EXERCISE DETAILS
All that is needed is the first stretch of the listing below, repeated exactly and ending with the line that contains "به کرمان | |". Pictures are to be left out.

RECORDS FOR THIS EXERCISE
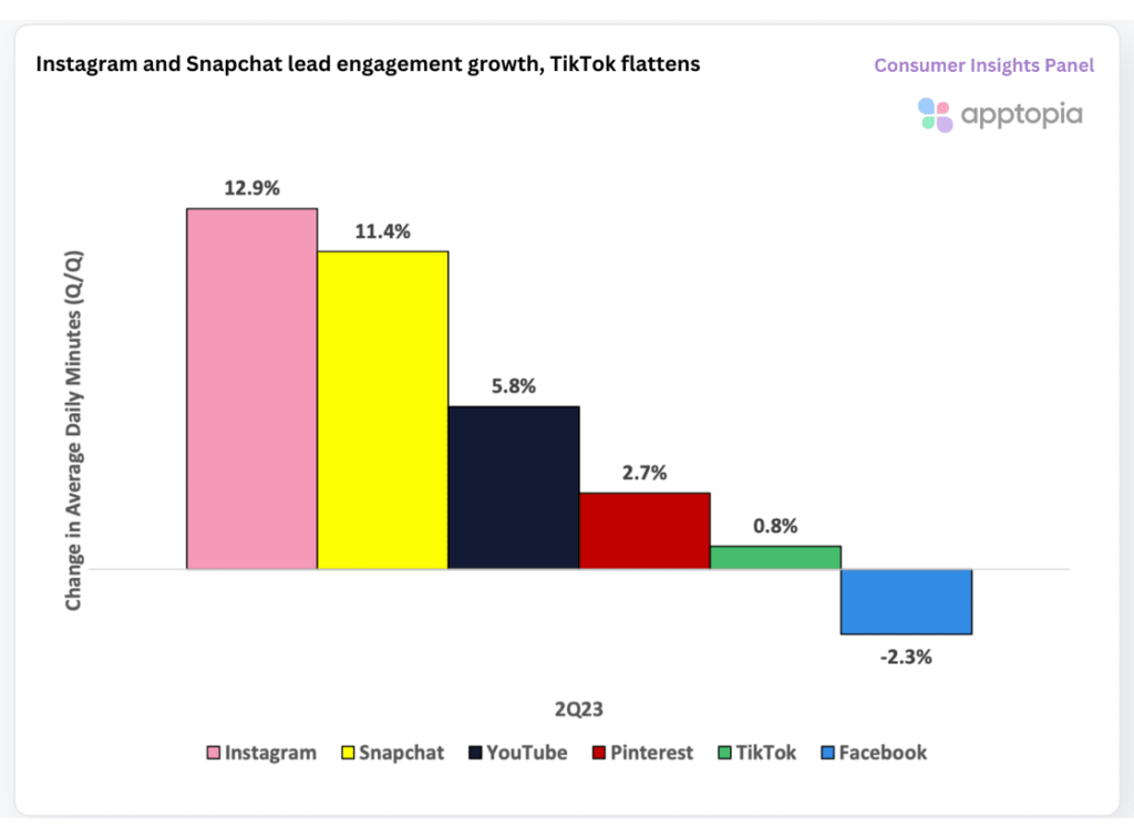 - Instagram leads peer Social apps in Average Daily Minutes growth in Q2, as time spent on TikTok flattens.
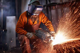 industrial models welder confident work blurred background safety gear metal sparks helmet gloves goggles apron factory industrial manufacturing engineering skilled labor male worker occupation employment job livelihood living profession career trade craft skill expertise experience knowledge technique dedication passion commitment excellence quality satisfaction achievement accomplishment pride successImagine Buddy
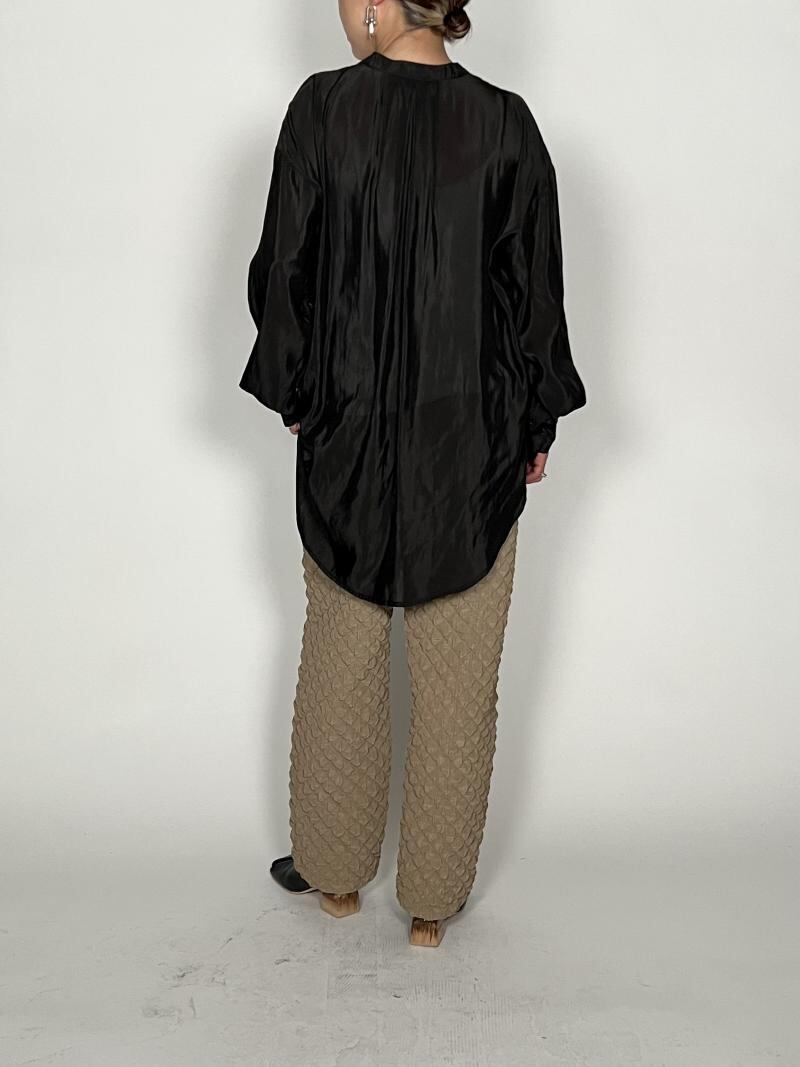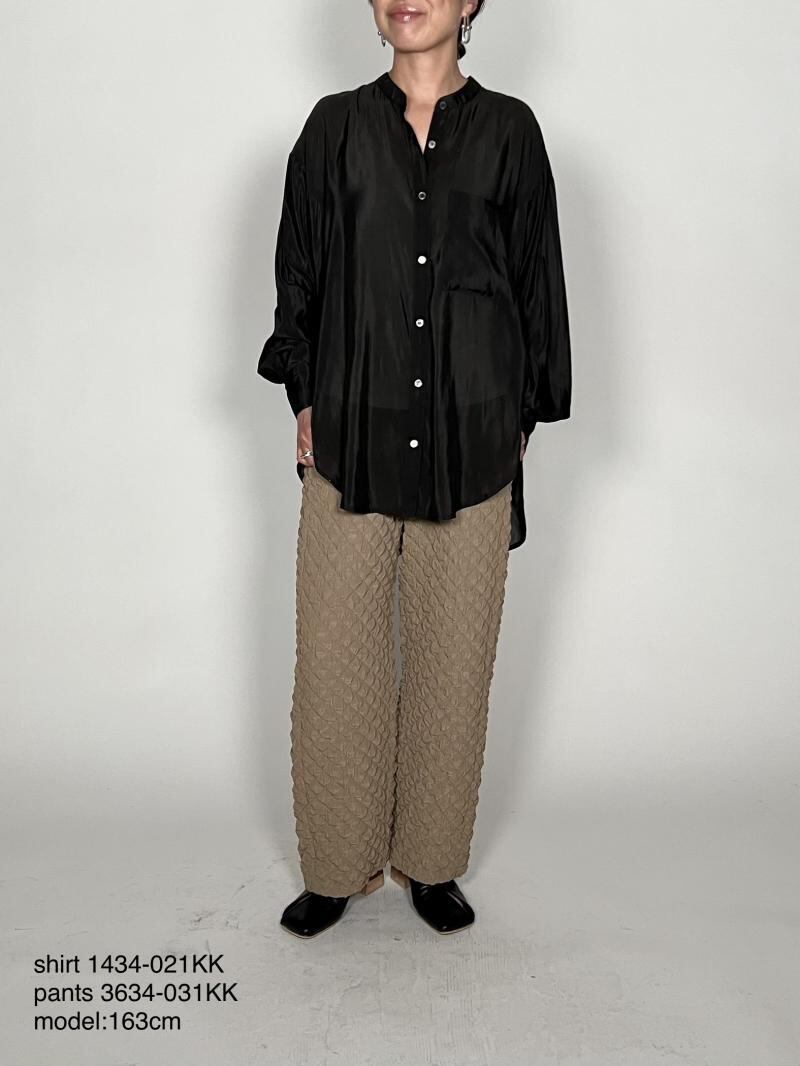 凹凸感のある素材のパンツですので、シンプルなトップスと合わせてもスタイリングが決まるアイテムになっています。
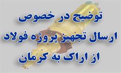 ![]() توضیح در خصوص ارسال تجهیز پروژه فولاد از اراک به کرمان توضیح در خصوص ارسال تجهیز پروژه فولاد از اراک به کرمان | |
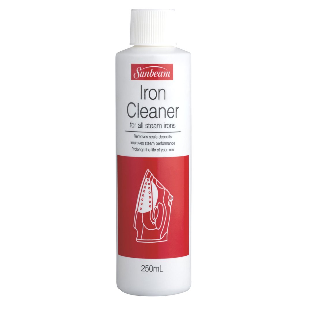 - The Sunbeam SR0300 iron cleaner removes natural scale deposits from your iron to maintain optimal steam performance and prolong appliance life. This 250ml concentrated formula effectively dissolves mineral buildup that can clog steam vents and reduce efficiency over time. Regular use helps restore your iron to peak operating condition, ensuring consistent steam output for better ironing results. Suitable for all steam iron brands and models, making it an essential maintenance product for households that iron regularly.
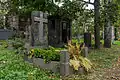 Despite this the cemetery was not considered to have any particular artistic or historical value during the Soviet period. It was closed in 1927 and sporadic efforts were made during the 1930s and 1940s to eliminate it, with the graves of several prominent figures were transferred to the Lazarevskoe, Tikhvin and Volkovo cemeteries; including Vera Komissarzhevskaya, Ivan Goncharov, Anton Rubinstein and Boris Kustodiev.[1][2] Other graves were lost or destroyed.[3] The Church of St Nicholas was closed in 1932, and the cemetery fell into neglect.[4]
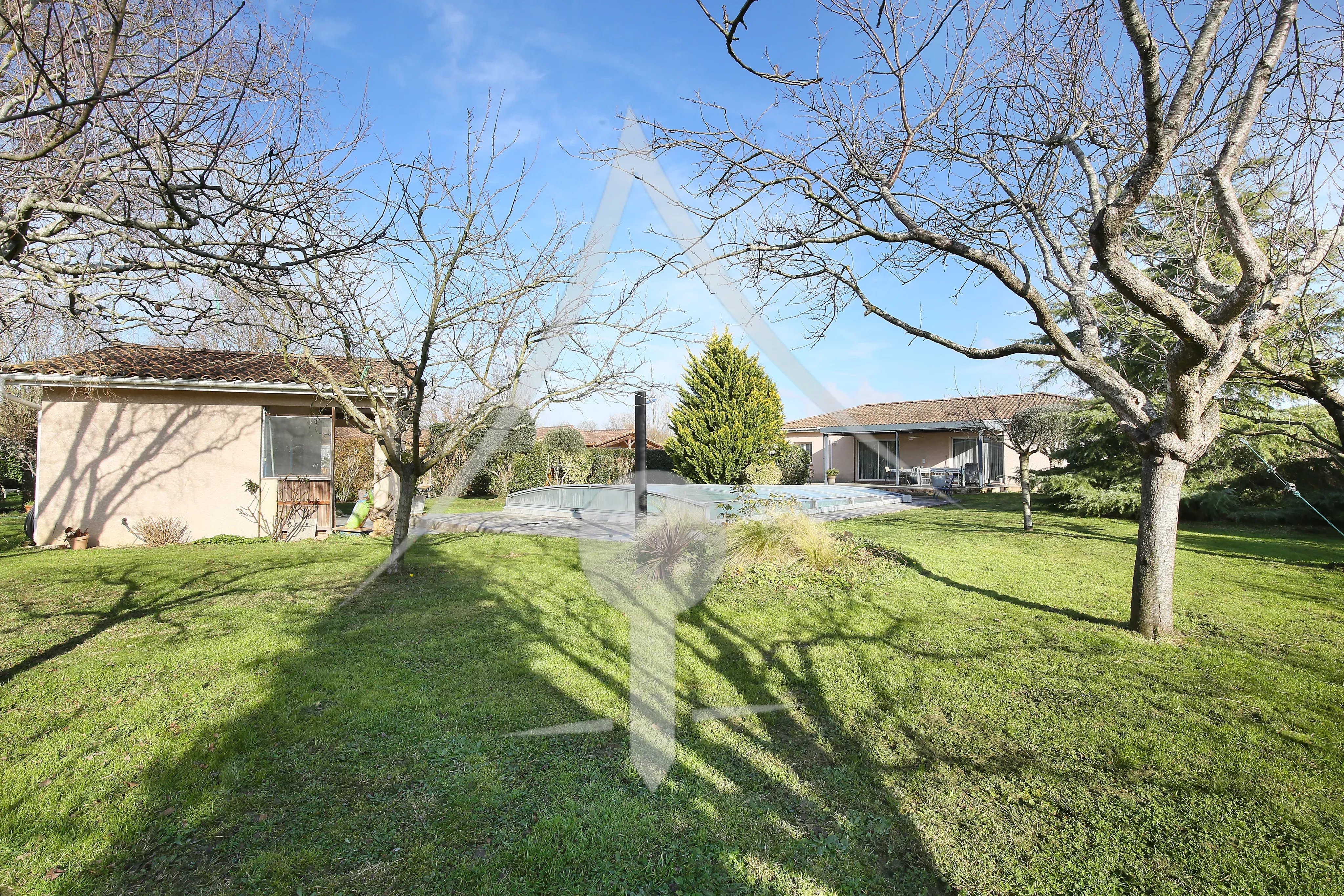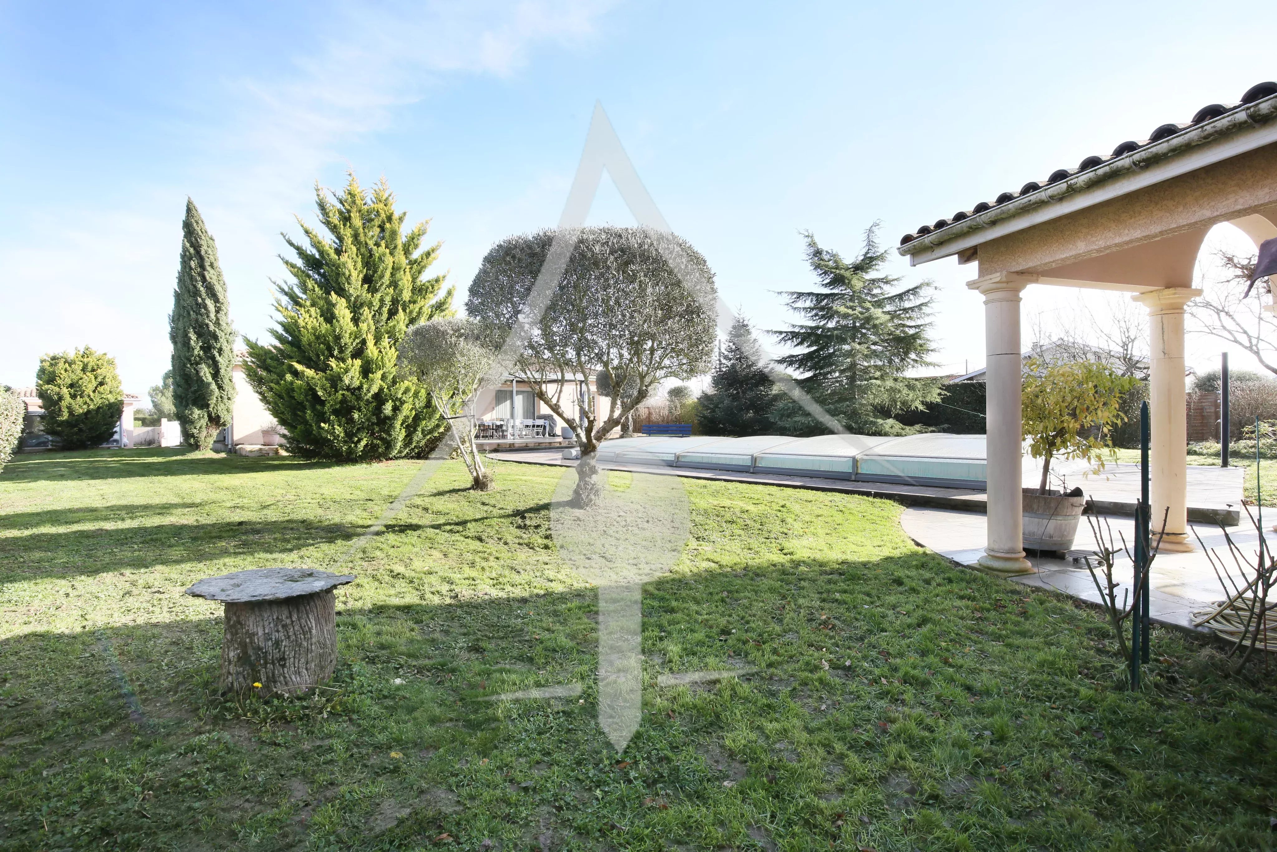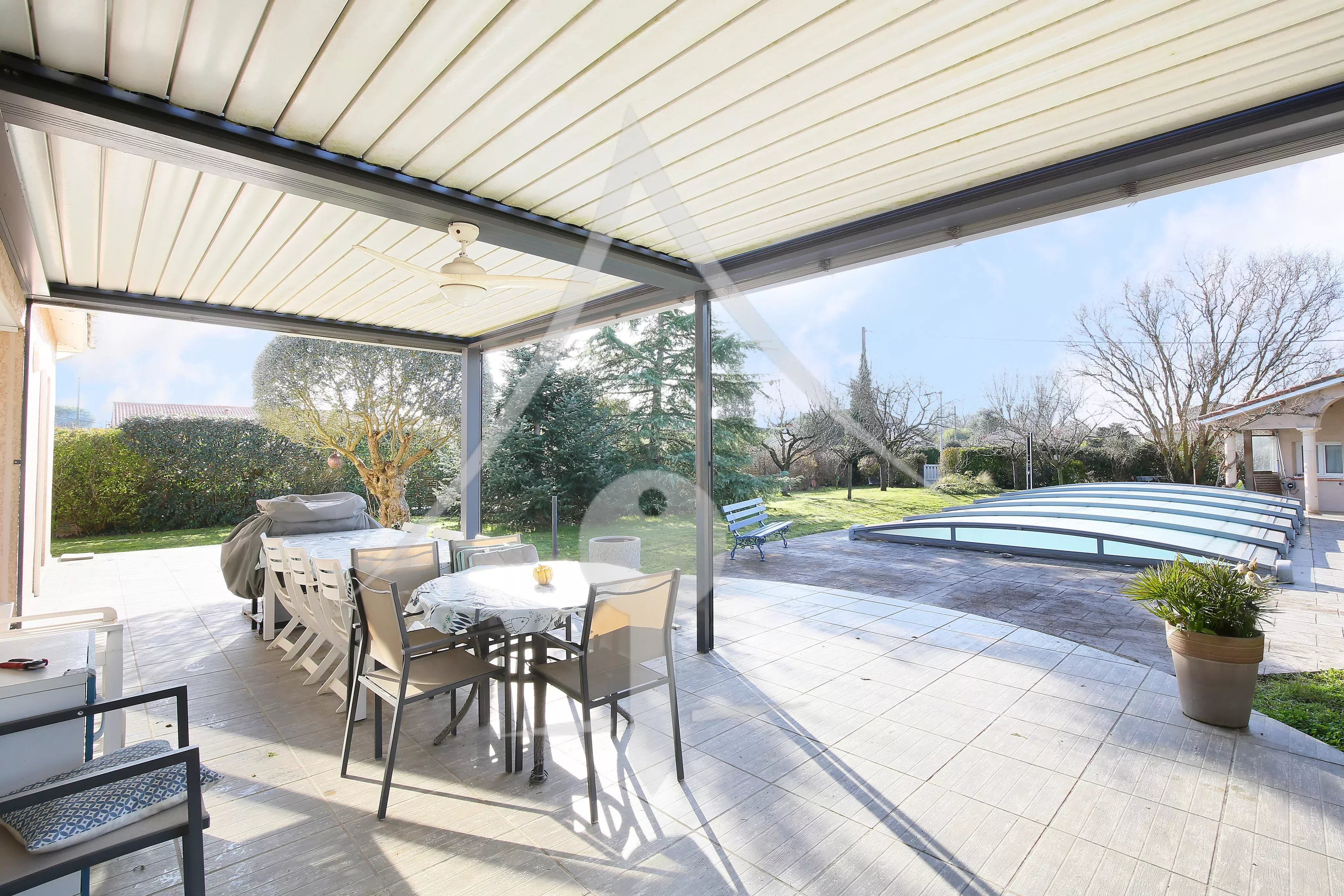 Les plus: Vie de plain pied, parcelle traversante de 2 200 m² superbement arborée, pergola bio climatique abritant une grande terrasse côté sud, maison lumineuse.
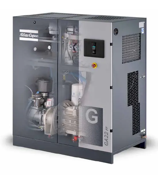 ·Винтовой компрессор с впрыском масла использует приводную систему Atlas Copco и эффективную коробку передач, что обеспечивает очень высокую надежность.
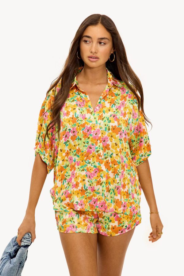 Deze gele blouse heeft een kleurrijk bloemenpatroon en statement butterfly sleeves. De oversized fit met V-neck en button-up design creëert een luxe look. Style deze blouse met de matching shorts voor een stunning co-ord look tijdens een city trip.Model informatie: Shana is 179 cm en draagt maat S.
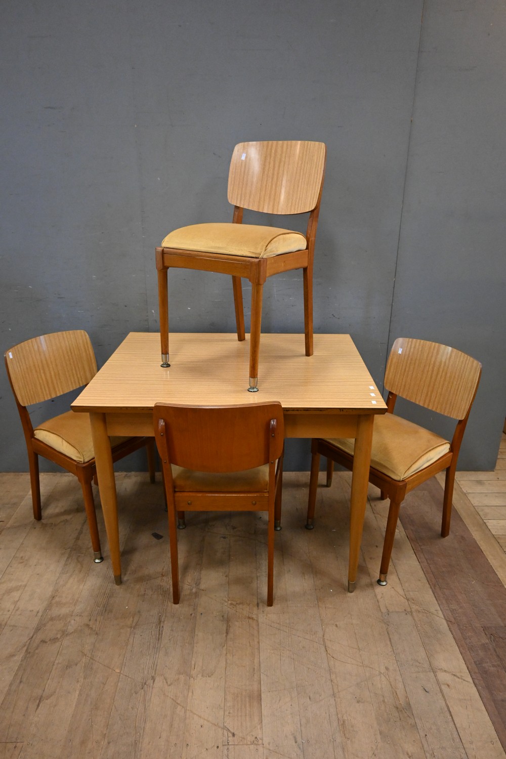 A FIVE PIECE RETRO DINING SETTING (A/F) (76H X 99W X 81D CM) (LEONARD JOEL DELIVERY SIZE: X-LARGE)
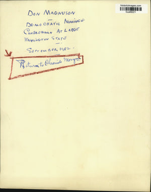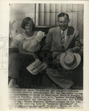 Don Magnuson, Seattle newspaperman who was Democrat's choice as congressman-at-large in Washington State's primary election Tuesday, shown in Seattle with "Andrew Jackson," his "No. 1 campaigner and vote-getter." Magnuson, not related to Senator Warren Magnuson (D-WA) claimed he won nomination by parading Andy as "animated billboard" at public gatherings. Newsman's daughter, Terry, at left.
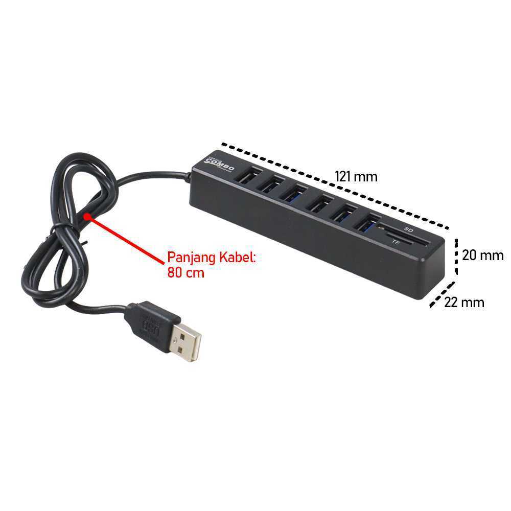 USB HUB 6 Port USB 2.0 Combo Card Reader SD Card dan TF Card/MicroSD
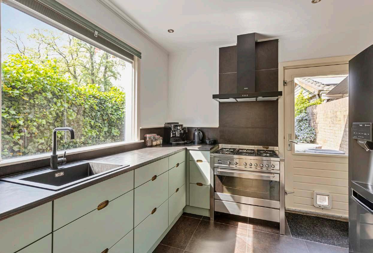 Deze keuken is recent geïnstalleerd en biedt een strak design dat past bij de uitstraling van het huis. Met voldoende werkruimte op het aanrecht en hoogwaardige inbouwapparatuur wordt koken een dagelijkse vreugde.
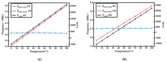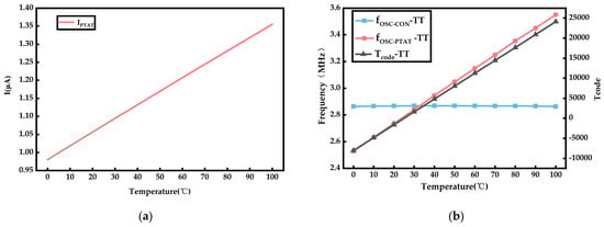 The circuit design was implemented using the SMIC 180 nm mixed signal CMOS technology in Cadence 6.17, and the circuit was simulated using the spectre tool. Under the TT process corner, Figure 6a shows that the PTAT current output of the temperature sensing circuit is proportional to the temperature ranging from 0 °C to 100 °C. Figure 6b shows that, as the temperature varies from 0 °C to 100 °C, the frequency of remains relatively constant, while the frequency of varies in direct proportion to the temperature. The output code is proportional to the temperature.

SOLUTION FOR THIS TASK
 - Instagram leads peer Social apps in Average Daily Minutes growth in Q2, as time spent on TikTok flattens.
 industrial models welder confident work blurred background safety gear metal sparks helmet gloves goggles apron factory industrial manufacturing engineering skilled labor male worker occupation employment job livelihood living profession career trade craft skill expertise experience knowledge technique dedication passion commitment excellence quality satisfaction achievement accomplishment pride successImagine Buddy
 凹凸感のある素材のパンツですので、シンプルなトップスと合わせてもスタイリングが決まるアイテムになっています。
 ![]() توضیح در خصوص ارسال تجهیز پروژه فولاد از اراک به کرمان توضیح در خصوص ارسال تجهیز پروژه فولاد از اراک به کرمان | |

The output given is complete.